Indicted businessman Jeremy Johnson files court papers saying FTC abused power
He claims A.G. John Swallow has been under investigation for nearly a year
SALT LAKE CITY — Indicted Utah businessman Jeremy Johnson is taking his caustic social media fight against what he has called "dirty deeds by big government" to the courts.
Johnson filed a 39-page document in U.S. District Court in Las Vegas late Thursday lambasting the Federal Trade Commission over its lawsuit against him and his once-lucrative Internet enterprise, iWorks.
The document also reveals that Utah Attorney General John Swallow may have been under federal investigation as early as June 2012.
In the filing, Johnson accuses federal attorneys and agents of misconduct and conspiring to fabricate evidence against him. He contends investigators used threats, bribery, extortion, forgery and manipulation of judges to build their case.
"From day one in this case, the government has taken a 'shoot first and ask questions later' approach. Individuals have misused their undeniable power," he wrote.
Johnson cites two government witnesses — a consumer and a former iWorks employee — who now say the FTC coerced them into signing or forging their signatures on false statements.
The 37-year-old St. George man and three associates who are acting as their own lawyers in the case also use the document to proclaim their innocence and put their side of the story on the court record — something Johnson has said government lawyers have blocked him from doing.
Until now, he has relied on social media to make his case, as well as attack the government, including a vitriolic website called evilftc.com.
Johnson's Thursday court filing, including 167 pages of supplemental information, is a response to an unusual joint motion by the U.S. attorney for Nevada and the U.S. Attorney's Office in Salt Lake City seeking a court order preventing Johnson and other defendants from interviewing witnesses in the civil case. Federal prosecutors contend allowing him to gather evidence in the FTC matter will compromise the criminal case against him.
"The proposed stay is necessary to prevent these defendants from using the civil discovery process to obtain information to which they are not entitled in the criminal case," prosecutors in Las Vegas wrote.
Johnson and four former iWorks executives are named in two cases running simultaneously through the federal court system — the civil FTC complaint in Las Vegas and the criminal fraud charges in Salt Lake City.
The parallel cases have witnesses, facts and legal issues in common.
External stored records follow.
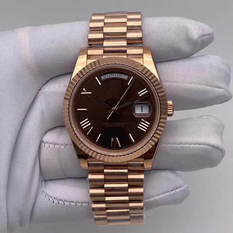 Rose Gold High Quality Limited Edition Luxury Automatic for Watch Brown Dial Fluted Bezel Vintage Modern Sapphire ETA MOVEMENT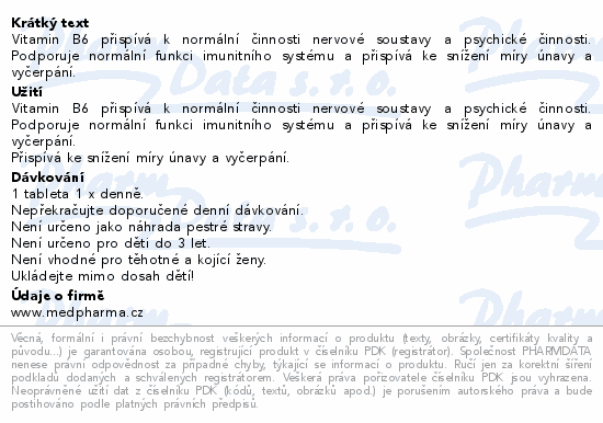 MedPharma Pyridoxin (vitamin B6) 20mg tbl.67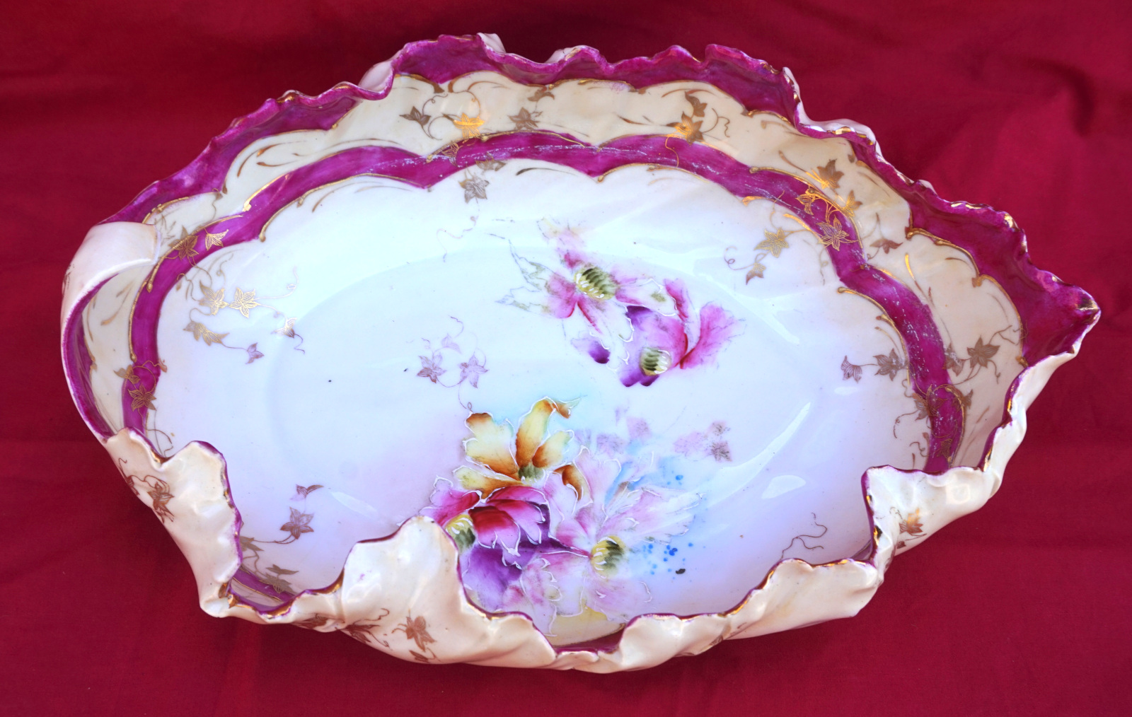 Bohemian Czech Art Deco Hand Painted Porcelain Leaf Shaped Bowl

The complications have caused a dispute among lawyers regarding access to witnesses, including those the government has identified as victims of alleged fraud.
Johnson's court filing sheds light on investigators' interest in Swallow.
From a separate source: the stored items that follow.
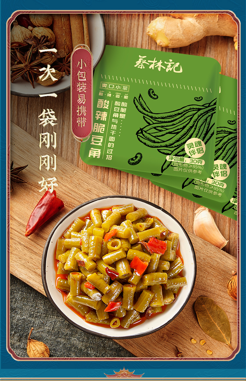 【特产劵199-100】蔡林记湖北风味袋装小菜酸豆角30g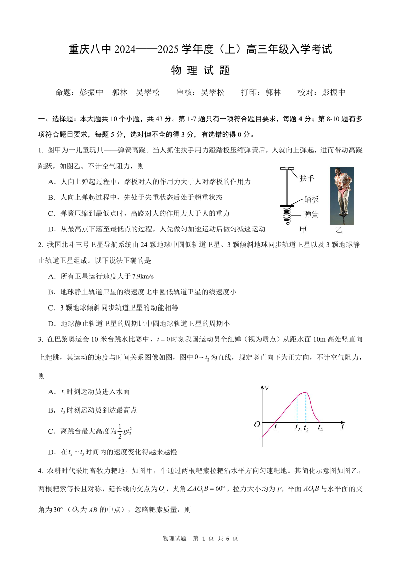重庆市第八中学2024-2025学年高三上学期入学适应性训练 物理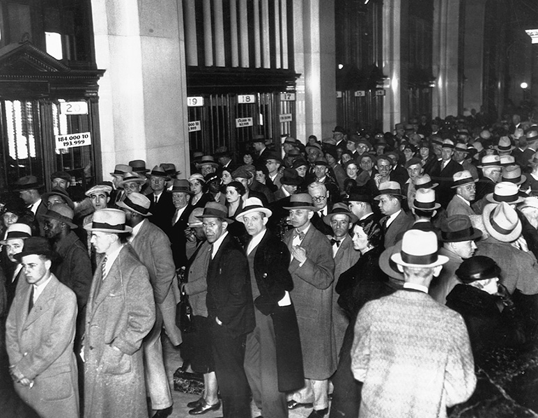 Thousands of people stand in line to receive 30% of their deposits during the National Banking Emergency of 1933. (Credit: Bettmann/Getty Images)

It includes a copy of a proffer the U.S. Attorney's Office for Utah made to Johnson's former attorney "in connection with the government investigation of a person or persons known by your client concerning violations of federal statutes." It is dated June 20, 2012, and signed by assistant U.S. attorney Carlos Esqueda.
The proffer doesn't name Swallow, but Johnson said in his court filing it refers to Swallow, who was then a Republican candidate for attorney general. Johnson writes that prosecutors offered him a plea bargain in exchange for information about Swallow. Johnson, who faced a single count of mail fraud at the time, ultimately did not agree to help in the investigation.